THE EDGE IS HERE
Driving change across Canada and around the world.
UVic law scholars are leading a quiet revolution in Canadian history Working closely with Indigenous communities across the country, researchers at the University of Victoria are helping to re-establish Indigenous legal traditions and give them equal footing with Canadian common law. “Law is the way people make decisions in their communities,” says University of Victoria law scholar John Borrows. “One difference is that Indigenous peoples look to the land to find their principles for judgement, whereas common law looks to old cases to decide how to act in the future.”
Reconciling these different cultures preoccupies Borrows, who is one of Canada’s leading Indigenous law scholars. He’s also the Canada Research Chair in Indigenous Law and the recent winner of a national 2017 Killam Prize for his commitment to furthering our knowledge of Indigenous legal traditions.
For many, law conjures up images of courts, lawyers and judges and their focus on words. But in visual and oral cultures, the law is often found in the artistic and physical world, says Borrows, who is Anishinaabe/Ojibway and a member of the Chippewa of the Nawash First Nation.

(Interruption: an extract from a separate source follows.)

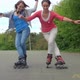 Two cheerful girls rollerblading together and doing a trick with crossed legs in super slow-motion

Indigenous law research involves working with Indigenous communities to identify cultural practices such as origin, contact and trickster stories, the potlatch, totems, wampum belts and other artistic works, and then teasing out the legal principles and precedents embedded within them.
The end goal is to create legal institutions that are grounded in communities, are transparent and accountable, and can interact productively with other laws in the country. This effort will benefit areas such as child welfare, education, health care, housing, self-governance, ecological stewardship and resource development.
After 150 years of repression of Indigenous people in Canada, it’s been hard to apply Indigenous law in contemporary circumstances, says Borrows. The revitalization of Indigenous legal traditions is creating pathways out of an era of control, into an era of shared autonomy and responsibility.
“It’s important to do this well because we have to work together; we all live on the same land and share this beautiful country,” says Borrows. “To enjoy a healthy future, we need to be attentive to what the land itself has taught Indigenous peoples for thousands of years.”
Borrows is currently working with law faculty colleague Val Napoleon to develop a joint degree in Indigenous legal orders and Canadian common law ( JID) at UVic. It will be the first degree of its kind in the world.
The degree will train students to understand Indigenous legal orders, build institutions based on those orders, and design institutions and procedures that work in concert with other levels of Canadian law.